Rhinovirus C is an important pathogen of asthmatic and non-asthmatic children hospitalised with episodic wheeze. Previous studies on other respiratory viruses have shown that several host cytokines ...correlate with duration of hospitalisation, but this has yet to be investigated in children with RV-C infection. We determined the nasal cytokine profiles of these children and investigated their relationship with RV-C load and clinical outcome. Flocked nasal swabs were collected from children aged 24-72 months presenting to the Emergency Department at Princess Margaret Hospital with a clinical diagnosis of acute wheeze and an acute upper respiratory tract viral infection. RV-C load was determined by quantitative RT-PCR and cytokine profiles were characterised by a commercial human cytokine 34-plex panel.

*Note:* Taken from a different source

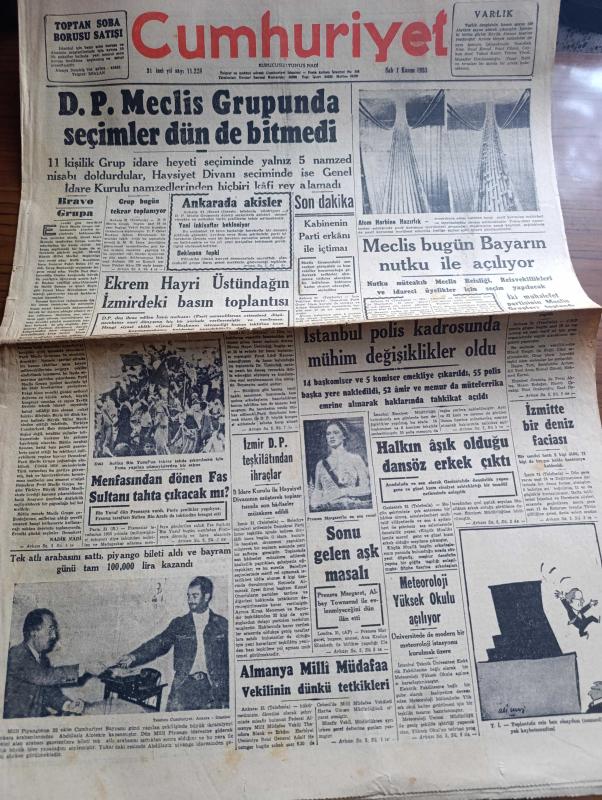 Cumhuriyet Gazetesi - 1 Kasım 1955 - Bravo Grupa yazan Nadir Nadi Başmakale - Demokrat Parti meclis grubunda seçimler dün de bitmedi - atom harbine hazırlık fotoğraf - Ekrem Hayri Üstündağ'ın İzmir'deki basın toplantısı - prenses Margaret albay Towsend ile evlenmeyeceğini Dün ilan etti - halkın aşık olduğu dansöz küçük Mualla erkek çıktı - meteoroloji Yüksek okulu açılıyor - Tek Atlı arabasını sattı piyango bileti aldı ve bayram günü tam 100,000 lira kazanan Abdülaziz Alptekin fotoğraf - 1 Bedende 2 Adam Yazan Va Nü yazı dizisi - Garanti Bankası - Londra sefirimiz Suat Hayri Ürgüplü İngiliz Devlet bakanı ile görüştü - Japonya'da inşa edilen Bolu şilepimiz denize indirildi - Türk parası ve Türkiye'deki Amerikalılar - ekonomi ve Ticaret okulu Dün açıldı - Beylik hevesi yazan Burhan Felek - Rita Hayworth Ali Han ile evlenmeyecek - küçük sahnede Çayhane oyunu - Sumatra İlahesi Sümer ve Ferah sinemasında - 1.94 boyundaki kadın basketbolcu Sonja Mrak fotoğraf - Fenerbahçe New Jersey maçı adlı eser, Kitap > Süreli Yayınlar > Gazeteler > Türkiye > Genel > Günlük kategorisinde İkinci El olarak satıştadır.
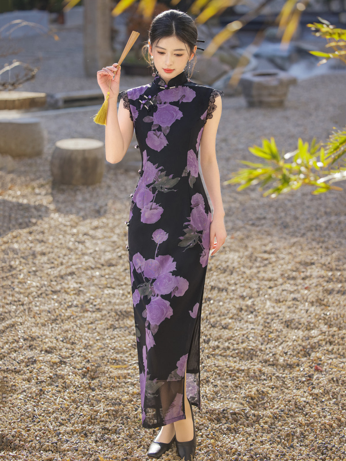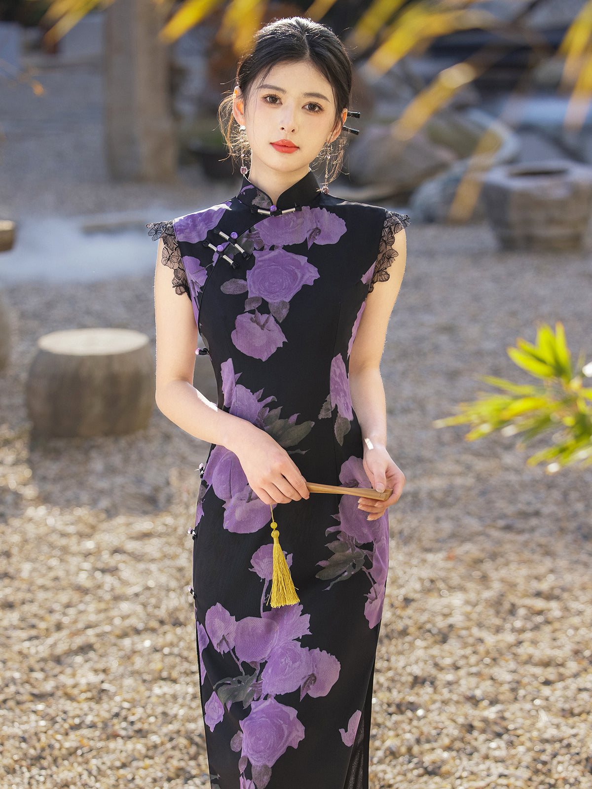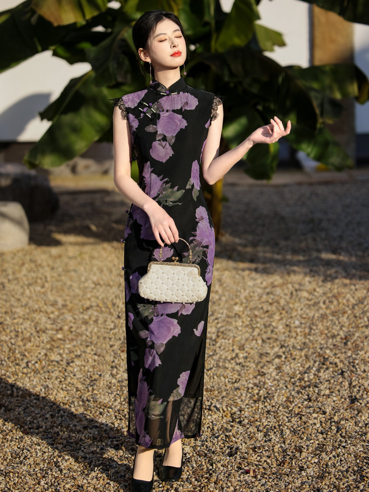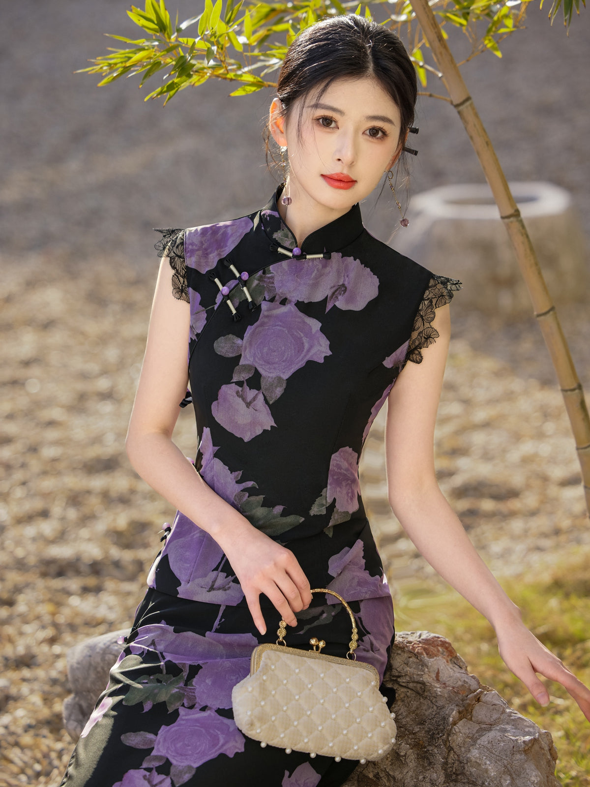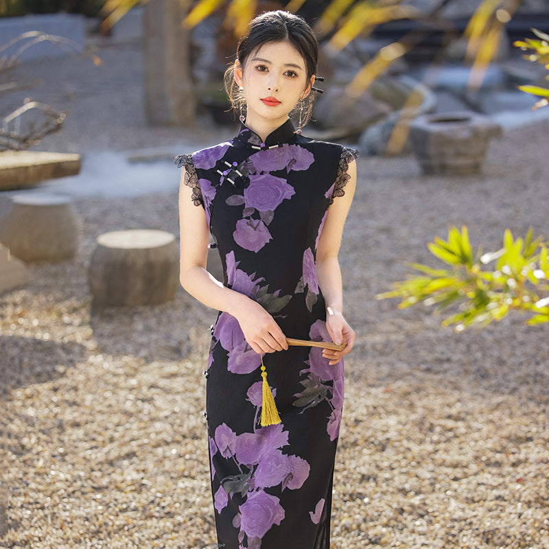 Mysterious Rose - Sleeveless Floral Purple Long Cheongsam

RV-C was the most commonly detected virus in pre-school-aged children hospitalised with an episodic wheeze. RV-C load did not significantly differ between asthmatic and non-asthmatic patients. Both groups showed a Th2-based cytokine profile. However, Th17 response cytokines IL-17 and IL-1β were only elevated in RV-C-infected children with pre-existing asthma. Neither RV-C load nor any specific cytokines were associated illness severity in this study. Medically attended RV-C-induced wheeze is characterised by a Th2 inflammatory pattern, independent of viral load. Any therapeutic interventions should be aimed at modulating the host response following infection.